• From Tool Access to Workflow Advantage: A Q&A with Professor Timothy DeStefano on Making GenAI Work in Companies

    How GenAI can achieve more than efficiency gains.

    Generative AI (GenAI) is quickly becoming a general-purpose business capability, one that can help organizations work faster, improve quality, and pursue new applications that were previously too costly, time intensive, or difficult to execute at scale. Yet despite high expectations around both productivity gains and new use cases, many organizations still struggle to move from experimentation to reliable, measurable impact.

    Timothy DeStefano - Headshot

    Timothy DeStefano: Associate Research Professor, Georgetown University McDonough School of Business

    So what differentiates organizations that realize real gains from those that don’t?

    To help answer that question, Analysis Group is partnering with Professor Timothy DeStefano – associate research professor at the Georgetown University McDonough School of Business and an applied economist specializing in digital technology, AI, and firm productivity – on a series of scientifically designed field experiments. In December 2025, Analysis Group launched an in-house randomized experiment to test not only whether GenAI could improve performance on demanding tasks – for example, systematic extraction of specific information from published literature – but also the impact of the structures surrounding the tool: task redesign, structured guidance, training, and quality-control mechanisms that help unlock productivity without compromising quality.

    In this Q&A, Managing Principal Lisa Pinheiro invites Professor DeStefano to share what he’s seeing so far in the firm’s experiment, why many firms remain AI hesitant, and what it takes to turn GenAI into an established firm resource rather than a set of ad-hoc prompts.

    Ms. Pinheiro: Many leaders believe GenAI will be transformative, but adoption is still uneven. What’s holding companies back?

    Professor DeStefano: Let’s start with what economists call the barriers to diffusion – the reasons a promising technology isn’t being used within organizations, even when its potential is obvious.

    In the case of GenAI, there are a few big themes.
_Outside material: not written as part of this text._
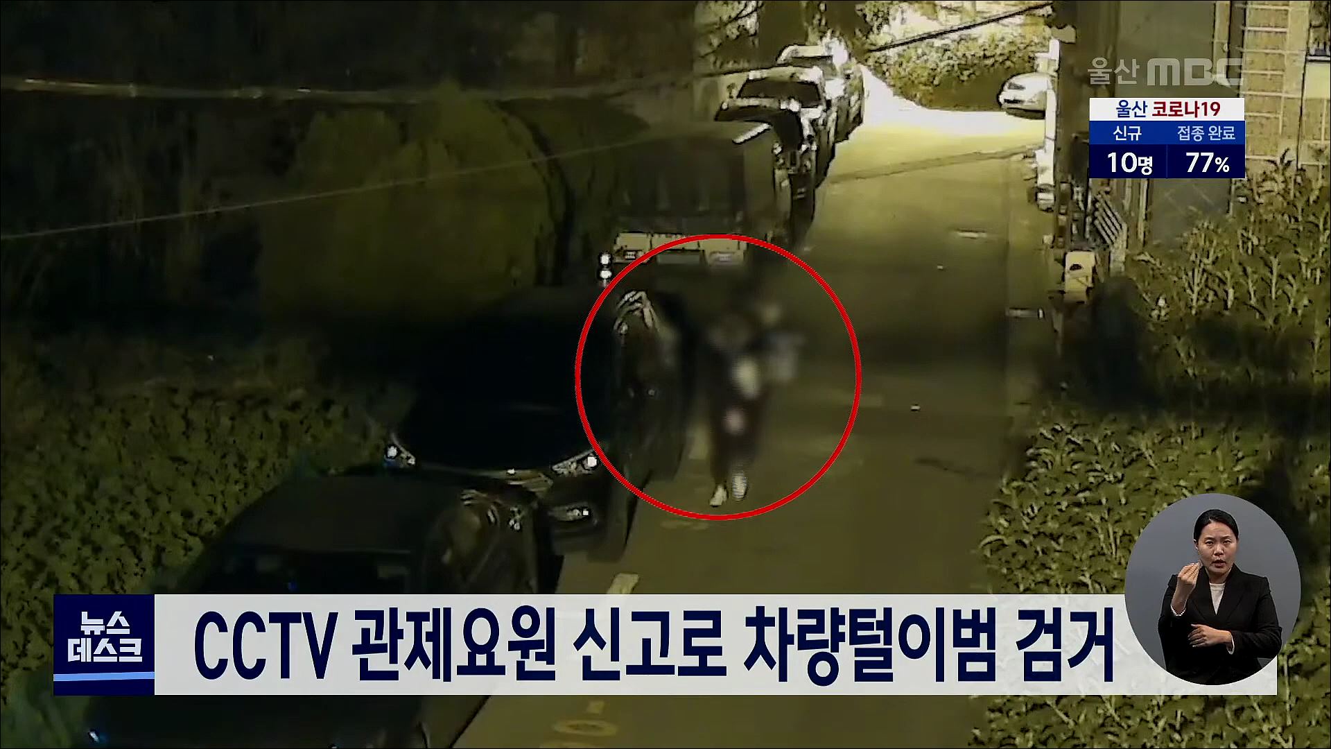 새벽시간 골목길에 주차된 차량에서 물건을 훔치려던 남성이 cctv 관제센터 관제요원에게 적발돼 검거됐습니다. 중구 cctv 통합관제센터는 어제(11/25) 새벽 2시 40분쯤 한 남성이 차량 운전석 문을 잡아당기는 모습을 포착해 112에 신고했고 용의자는 인근 편의점에서 검거됐습니다.

First, there are risk concerns: intellectual property, confidentiality, and the fear of employees pasting sensitive material into public tools. Second, there’s quality uncertainty: Even strong models can hallucinate or deliver output that looks plausible but isn’t correct. That’s not a reason to avoid the tools entirely, but it is a reason to be cautious about how they’re used in real workflows. The same was true in the early days of search engines: Not everything you found online could be taken at face value, but that didn’t make these tools any less valuable.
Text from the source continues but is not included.